--- WHAT IS BEING ASKED ---
Repeat exactly the lines of the records below, starting at the line containing "2) 이제 미국주식(AT&T) 매수주문 걸어볼까?" and ending at the line containing "( ^ 2025年11月9日19时,超强台风". Leave the pictures out.

:: ENTRIES SHOWN

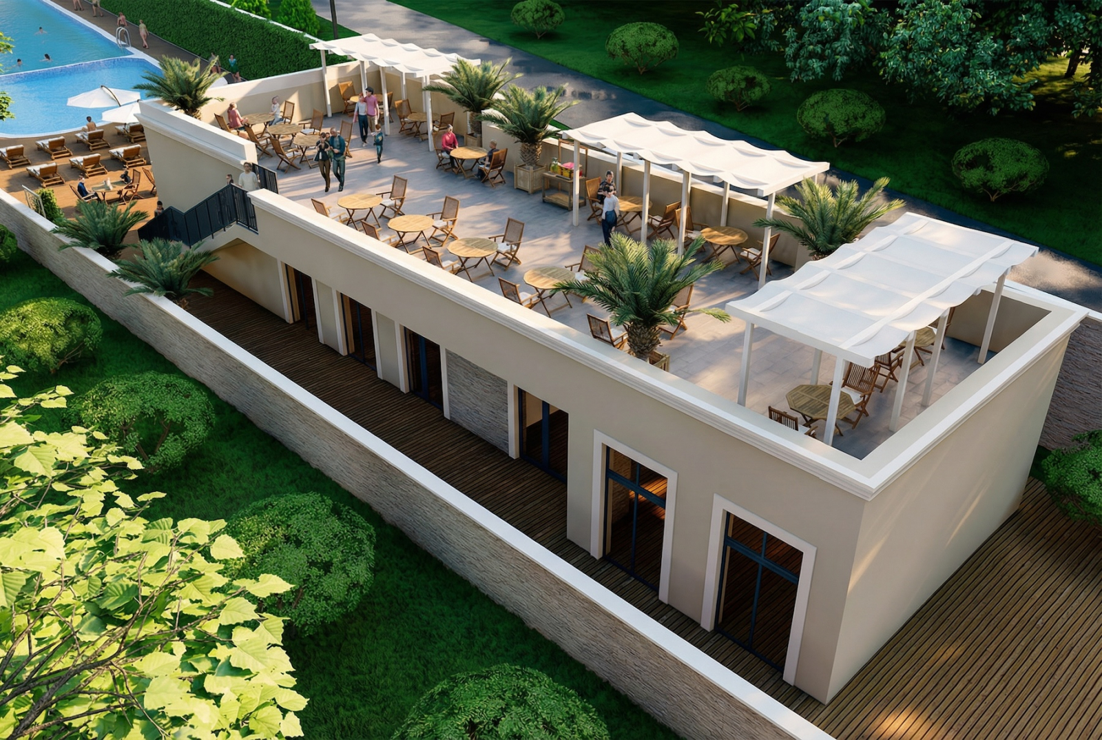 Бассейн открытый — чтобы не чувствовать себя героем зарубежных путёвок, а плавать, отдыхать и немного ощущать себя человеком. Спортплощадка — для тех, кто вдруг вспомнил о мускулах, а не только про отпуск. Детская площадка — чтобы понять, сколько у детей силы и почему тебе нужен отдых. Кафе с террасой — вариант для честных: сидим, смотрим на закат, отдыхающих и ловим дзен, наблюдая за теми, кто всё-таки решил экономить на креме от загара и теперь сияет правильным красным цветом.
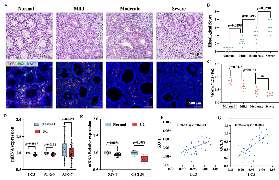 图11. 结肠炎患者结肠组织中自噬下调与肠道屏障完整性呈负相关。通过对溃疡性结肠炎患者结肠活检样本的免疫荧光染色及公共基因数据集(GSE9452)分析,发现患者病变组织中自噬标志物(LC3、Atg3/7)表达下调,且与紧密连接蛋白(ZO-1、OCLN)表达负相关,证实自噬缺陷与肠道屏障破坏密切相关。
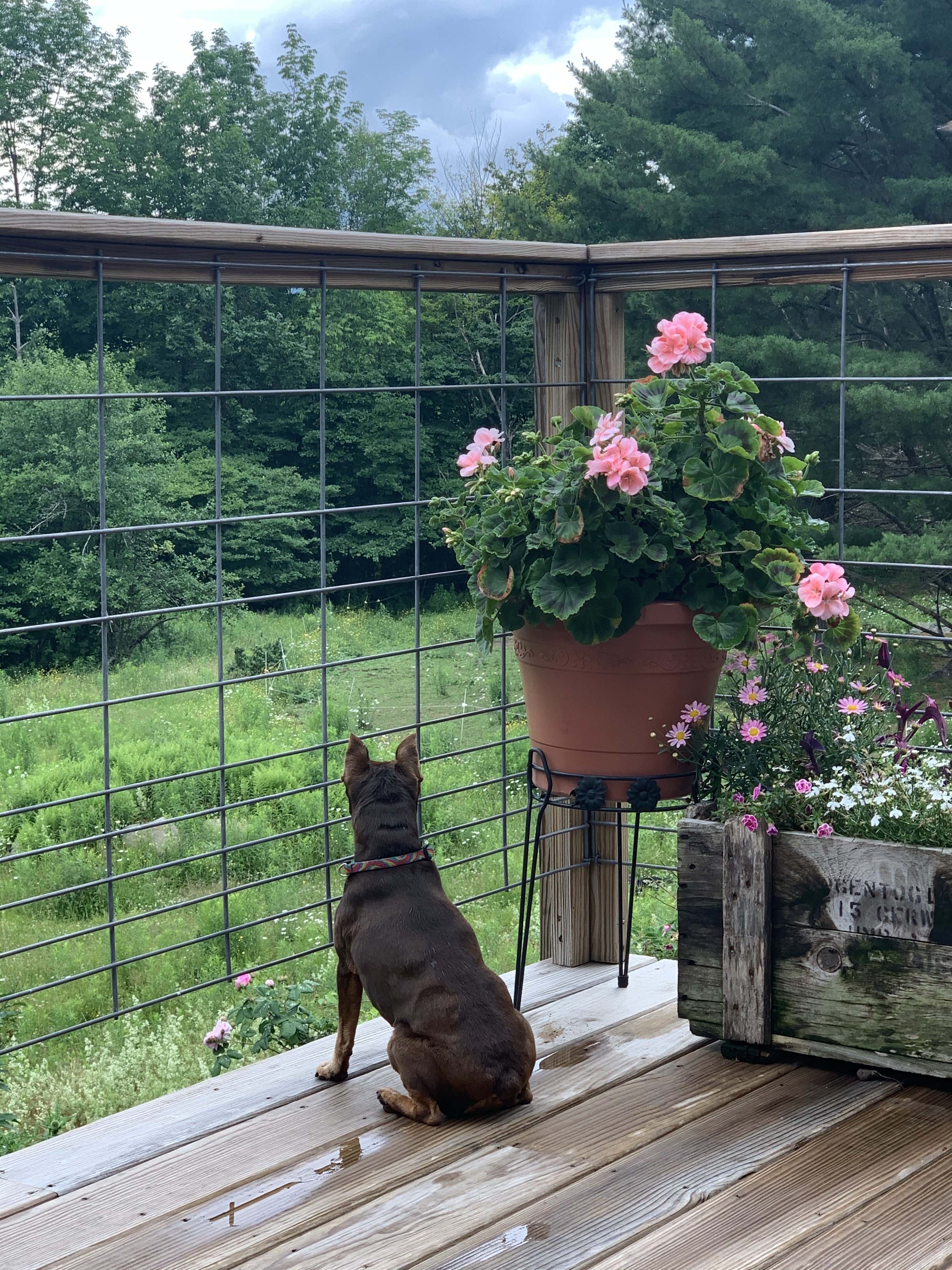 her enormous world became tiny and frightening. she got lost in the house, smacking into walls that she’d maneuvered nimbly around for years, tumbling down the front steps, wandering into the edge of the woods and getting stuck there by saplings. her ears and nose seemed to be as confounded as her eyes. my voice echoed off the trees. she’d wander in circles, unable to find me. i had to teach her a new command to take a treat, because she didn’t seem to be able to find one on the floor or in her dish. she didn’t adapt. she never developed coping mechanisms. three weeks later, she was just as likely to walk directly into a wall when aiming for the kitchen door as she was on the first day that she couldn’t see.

::::
:: ENTRIES SHOWN

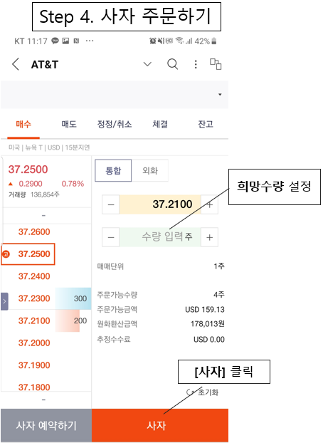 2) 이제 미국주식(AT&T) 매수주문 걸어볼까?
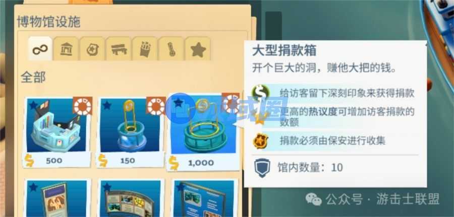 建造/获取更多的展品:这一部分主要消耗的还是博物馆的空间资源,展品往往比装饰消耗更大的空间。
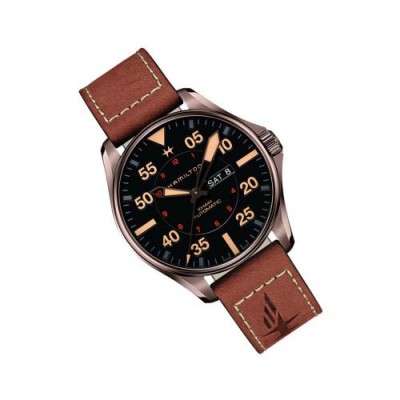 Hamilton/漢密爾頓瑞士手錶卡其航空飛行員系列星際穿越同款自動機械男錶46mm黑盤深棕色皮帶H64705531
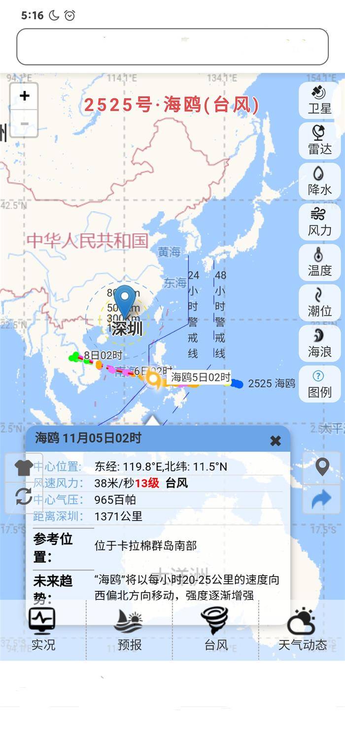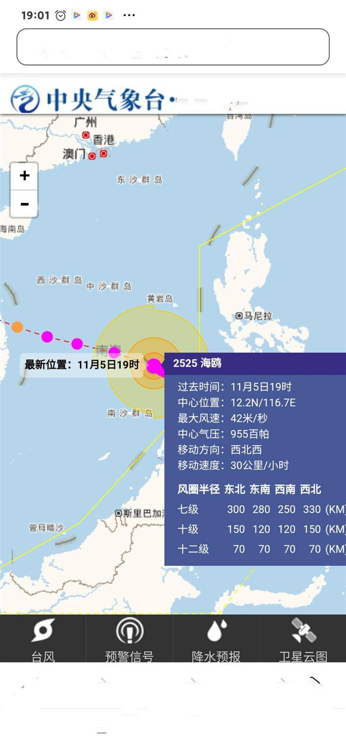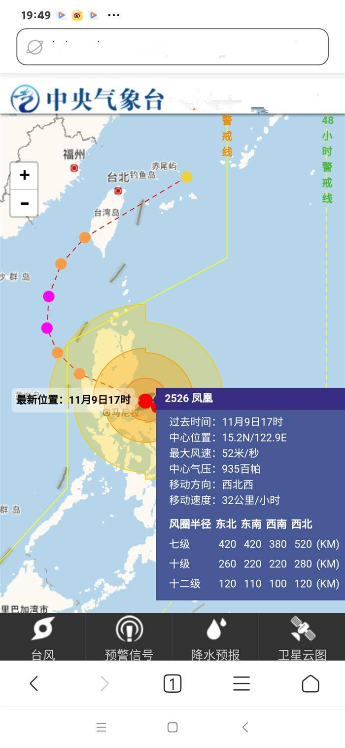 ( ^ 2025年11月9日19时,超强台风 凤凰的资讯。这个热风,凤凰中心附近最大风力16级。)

::::

--- TASK RESPONSE ---
 2) 이제 미국주식(AT&T) 매수주문 걸어볼까?
 建造/获取更多的展品:这一部分主要消耗的还是博物馆的空间资源,展品往往比装饰消耗更大的空间。
 Hamilton/漢密爾頓瑞士手錶卡其航空飛行員系列星際穿越同款自動機械男錶46mm黑盤深棕色皮帶H64705531
 ( ^ 2025年11月9日19时,超强台风 凤凰的资讯。这个热风,凤凰中心附近最大风力16级。)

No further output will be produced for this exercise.